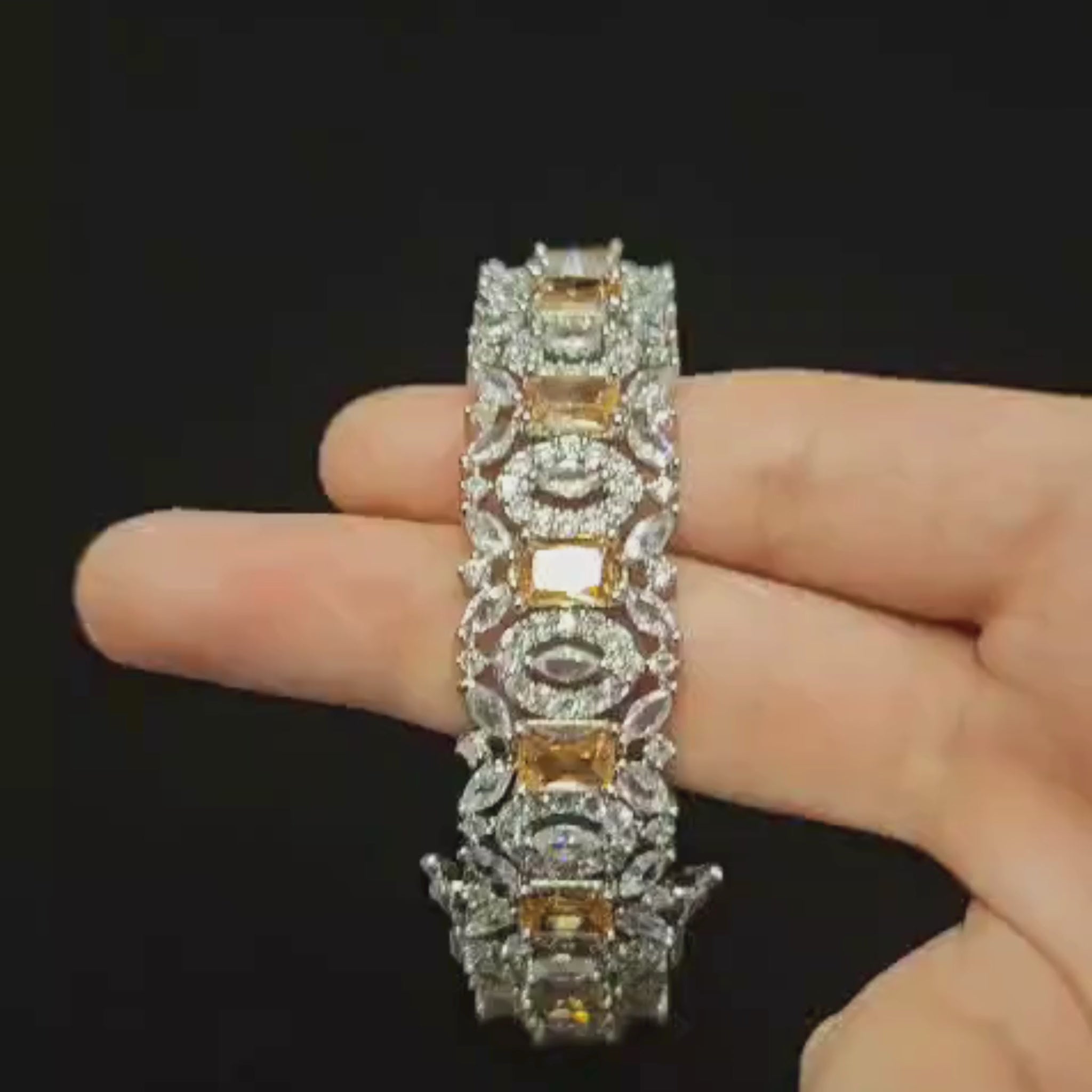 A true statement of sophistication, this bracelet features radiant champagne-toned crystals framed with dazzling stones. Its bold yet graceful design makes it perfect for special occasions or elevating any evening look.
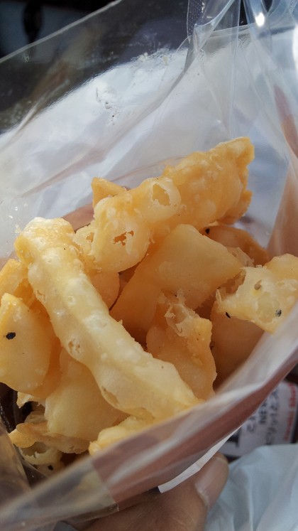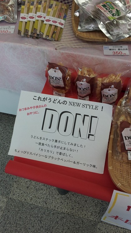 うん、一見ふつうのスナックに見えますが、なんとこれ、うどんでできてます!食べてみると、かなりスパイシーで食感もパリパリ。でも、たしかにうどんの味がします!
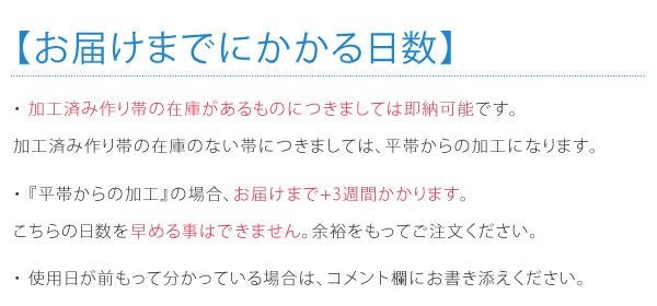 ・『平帯からの加工』の場合、お届けまでに+4週間かかり、お急ぎでありましても日数を早める事は出来ません。ご使用日を確認いただき、余裕をもってご注文ください。
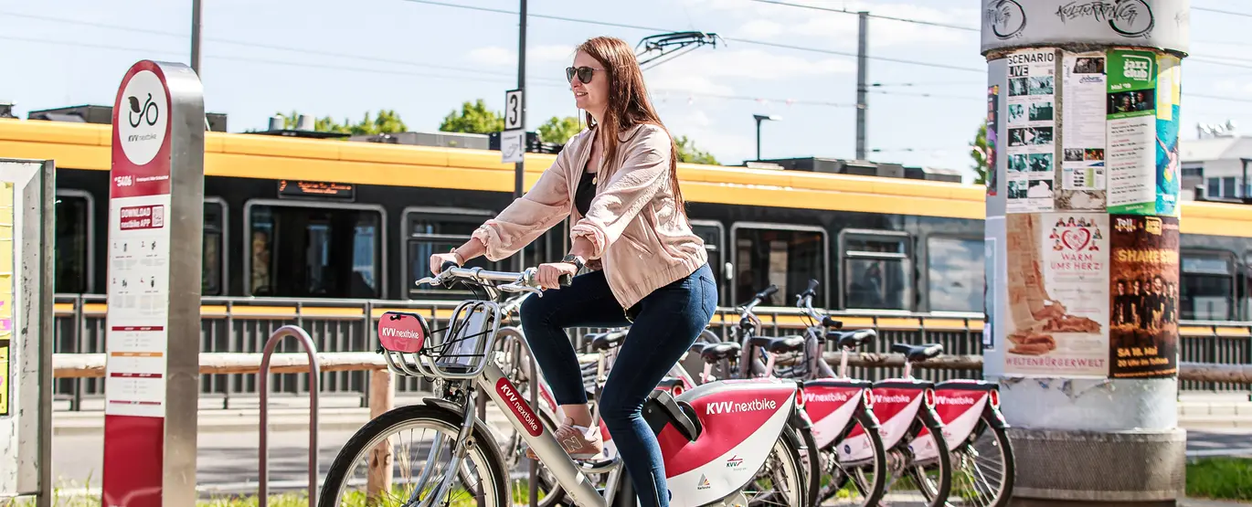 Mit über 950 Fahrrädern in sieben Städte macht das Fahrrad-Verleihsystem KVV.nextbike nachhaltige Mobilität für tausende Menschen täglich erlebbar.
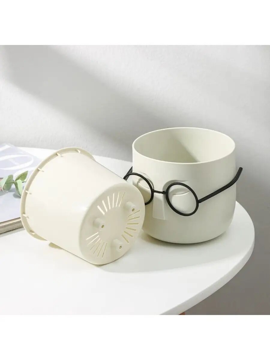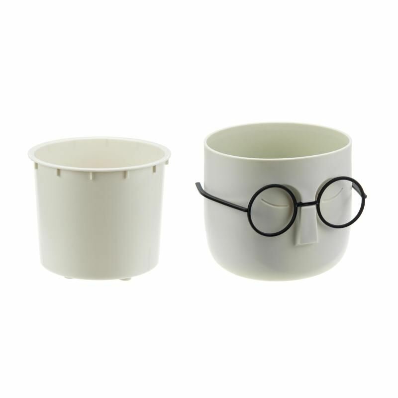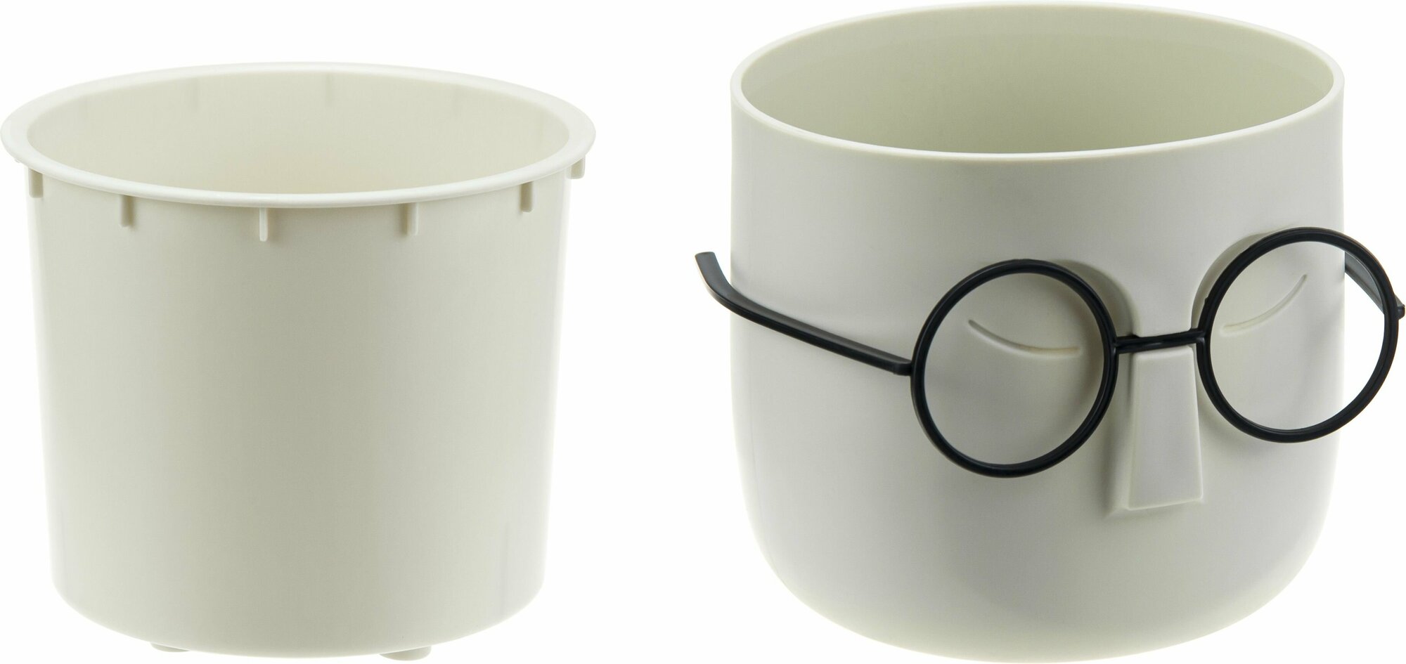 Кашпо пластик, 0.65 л, 11.5х10.5 см, со вставкой, белая глина, Idea, Мари, М 3075
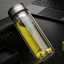 富光双层玻璃杯男女水杯子家用玻璃水杯简约便携玻璃茶杯车载水杯 420ml黑色
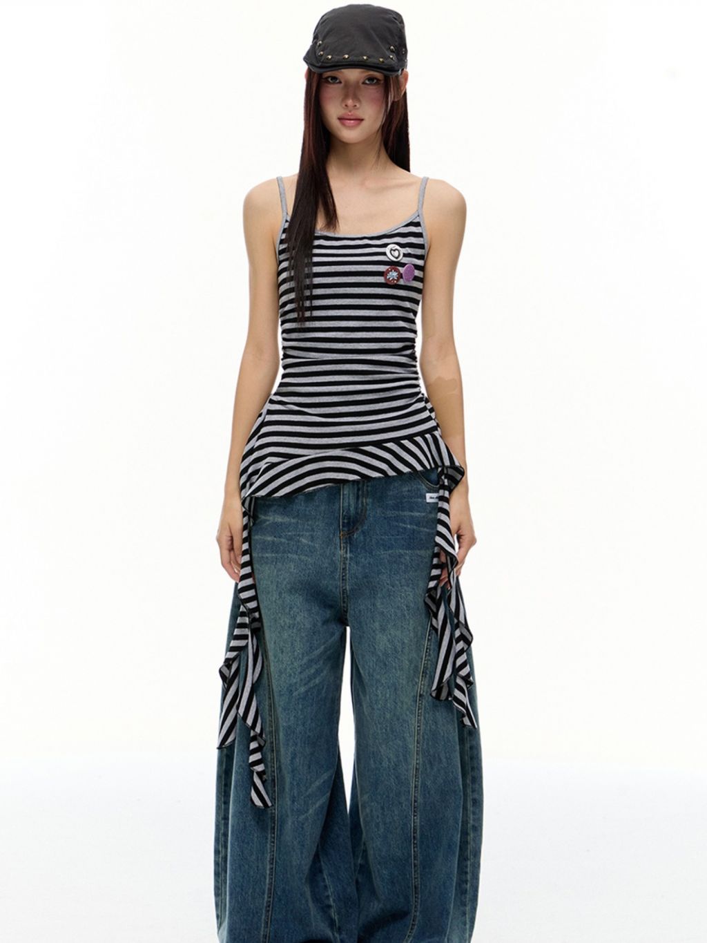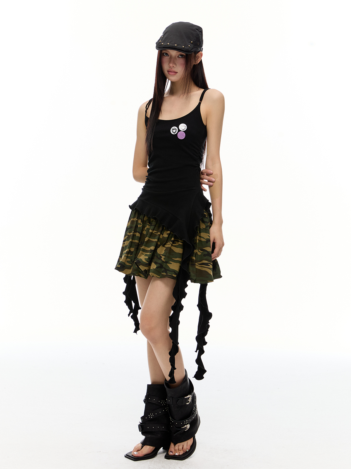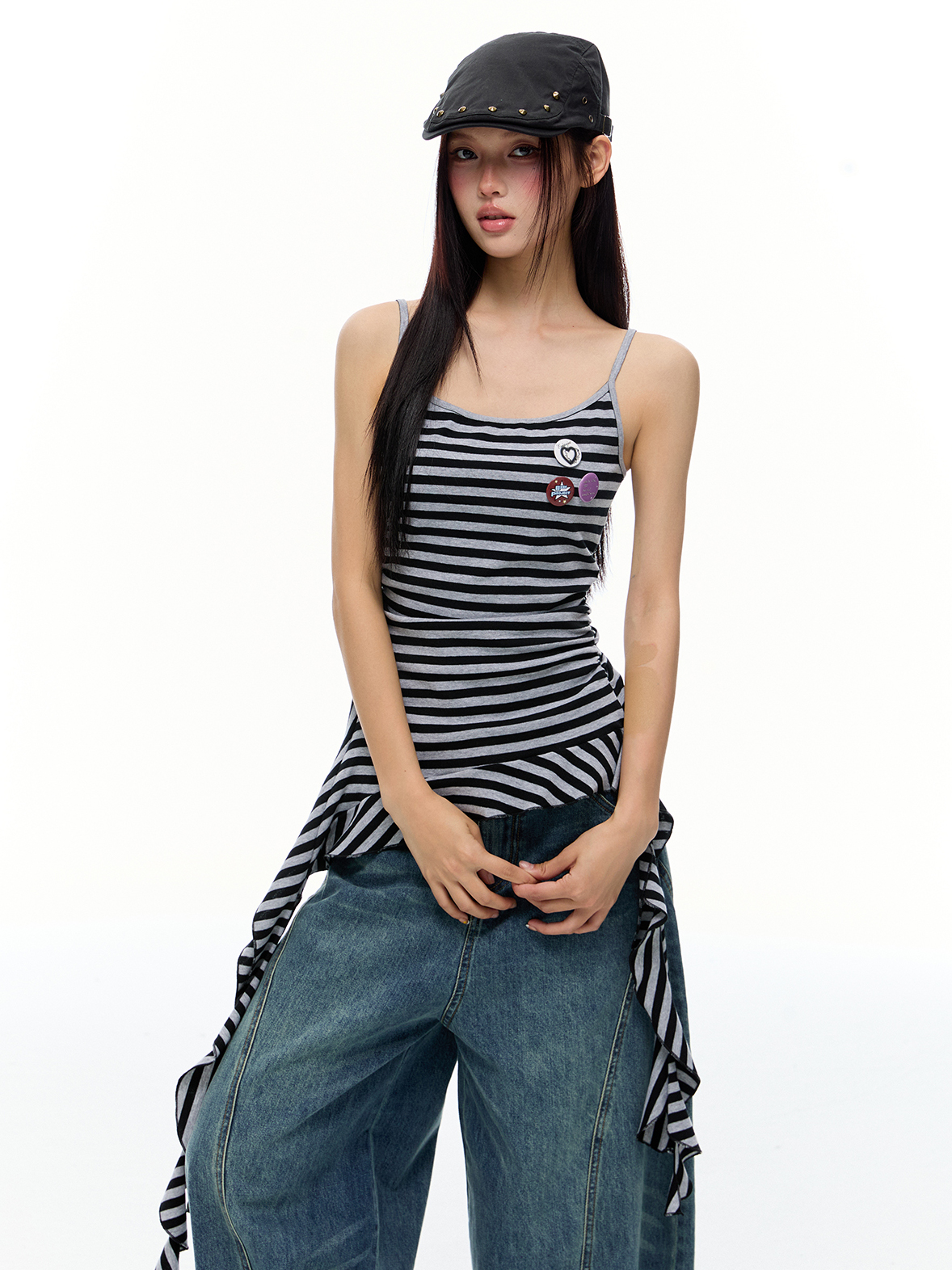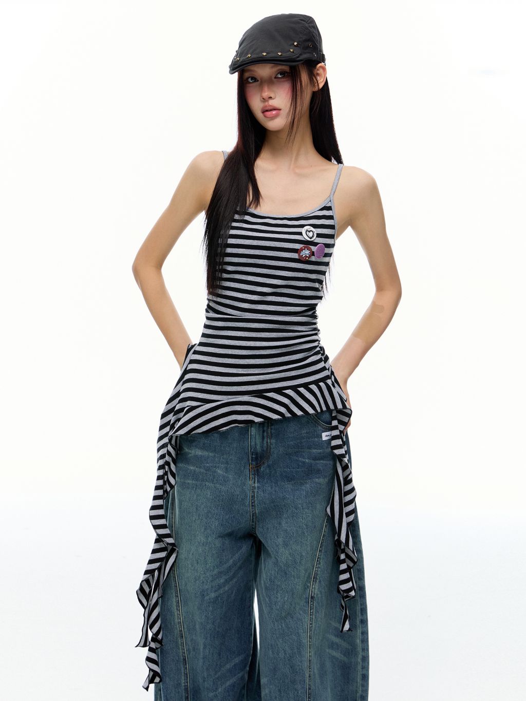 사이드 프릴 셔링이 돋보이는 슬리브리스 톱

◇ ◇ ◇

Please reproduce verbatim the lines from the line with "Mit über 950" through the final line of the listing, inclusive of both ends. Omit all pictures.

 Mit über 950 Fahrrädern in sieben Städte macht das Fahrrad-Verleihsystem KVV.nextbike nachhaltige Mobilität für tausende Menschen täglich erlebbar.
 Кашпо пластик, 0.65 л, 11.5х10.5 см, со вставкой, белая глина, Idea, Мари, М 3075
 富光双层玻璃杯男女水杯子家用玻璃水杯简约便携玻璃茶杯车载水杯 420ml黑色
 사이드 프릴 셔링이 돋보이는 슬리브리스 톱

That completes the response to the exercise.